The colloquium included guided tours of the Museum of the National Pantheon (MUPANAH), work shops, debate sessions, and an exposition by artists who participated in a contest on the theme of Restitution.

“Let’s not forget, that capitalism was built principally from the colonies of the Antilles and particularly from St. Domingue,” said one Haitian intellectual during the colloquium’s opening session. “Thus the splendor of Europe, and particularly the splendor of France, was built on Haiti’s back. Haiti didn’t owe France any debt. France owed Haiti a debt.”

In 1825, France sent an armada to Haiti to intimidate the young, isolated republic’s President Jean Pierre Boyer into signing an agreement for Haiti to pay an unprecedented indemnity in exchange for France’s recognition of Haiti’s independence.

Ironically, the most vocal critics of Haiti’s demand for restitution has been the small clique of politicians, power brokers, and pundits huddled in the Haitian opposition’s formations: the 15 “party-cle” Democratic Convergence opposition front, the hyper-inflated “Group of 184" organizations of assembly-industry-owner-turned-activist Andy Apaid, and the Civil Society Initiative of former neo-Duvalierist-minister Rosny Desroches.

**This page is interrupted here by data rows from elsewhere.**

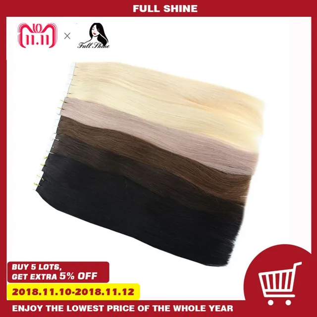 Best Offers Full Shine Tape In Hair Extensions 100% Human Remy Hair 100g 40 Pcs Colorful Tape on Hair Extension Skin Weft Glue on Hair
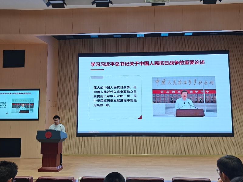 朱甬麒介紹了今年重裝所的新生情況,從思政教師的職責范圍角度介紹了相關工作,并針對日常事務、就業(yè)等相關內(nèi)容進行了指導。陳磊分享習近平總書記的重要論述,學習弘揚偉大抗戰(zhàn)精神,并呼吁團員青年積極向黨組織靠攏。
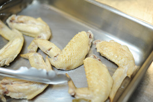 デモのあとは班に分かれて実習。手羽先の出汁の取り方からコツを紹介。
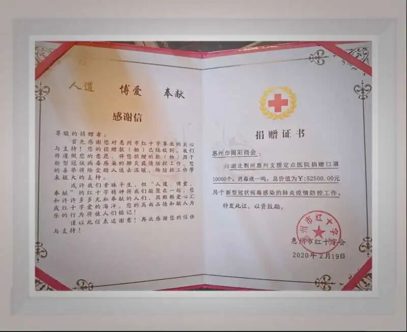 自防疫战役打响以来,广东嘉源公司林锐嘉董事长积极响应国家号召,捐资捐物。为了使物资和善款能够及时有效交到一线抗疫英雄手里,我们选择了通过联合志同道合的兄弟单位,通过权威机构定向捐资捐物,我们通过HT48爱心小组/惠州市青年企业家联合会/惠州市揭阳商会等组织,分别为公羊慈善基金会/韩红公益慈善基金会/惠州市红十字会等定向捐赠防护口罩及84#消毒液(小组新闻报导有有详细报告)。
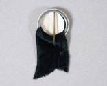 DescriptionA round ca. 1936 pinback campaign picture button that has been repurposed as a 1945 memorial piece. At the center is a black and white photographic image of Franklin D. Roosevelt encircled by a white border. Attached to the reverse of the button is a length of black ribbon that hangs down below the button.
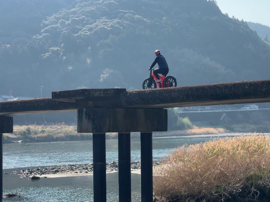 The igus:bike headed towards central Kochi along the Niyodo River, known for its clean water, before descending the mountain and arriving at GIKEN LTD., located in an industrial area by the sea.
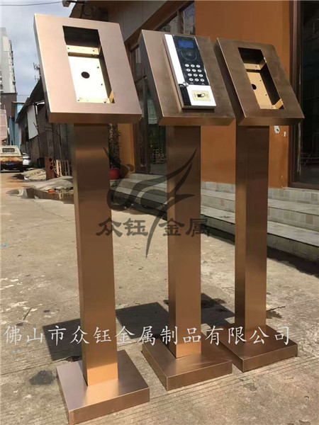 金属拉丝钛金不锈钢门口机立柱 可视对讲不锈钢支架

Opposition spokespersons have argued, for example, that Haiti’s indemnity was paid not to the French government but rather as compensation to the former colonialists who lost their property in the independence war. Therefore, the French government is not liable, according to them.

Convergence leaders such as Gérard Pierre-Charles of the OPL and Evans Paul of the KID have also parroted French government retorts that Aristide has displayed poor governance and cannot be entrusted with a large restitution, as if it were up to France to decide.

Aristide responded to such statements during his speech in Marchand-Dessalines. “Is the big money [that restitution would bring] for the big leaders?” he asked the crowd. “That’s how it used to be done in the past. But with the Lavalas it should never be like that at all. Services should be provided if big money comes. Leaders had better make roads, hospitals, town squares, distribute food, irrigate land, and make the country more beautiful. That money has to serve everybody, rich and poor, minority and majority, people in the Lavalas and those not in the Lavalas.”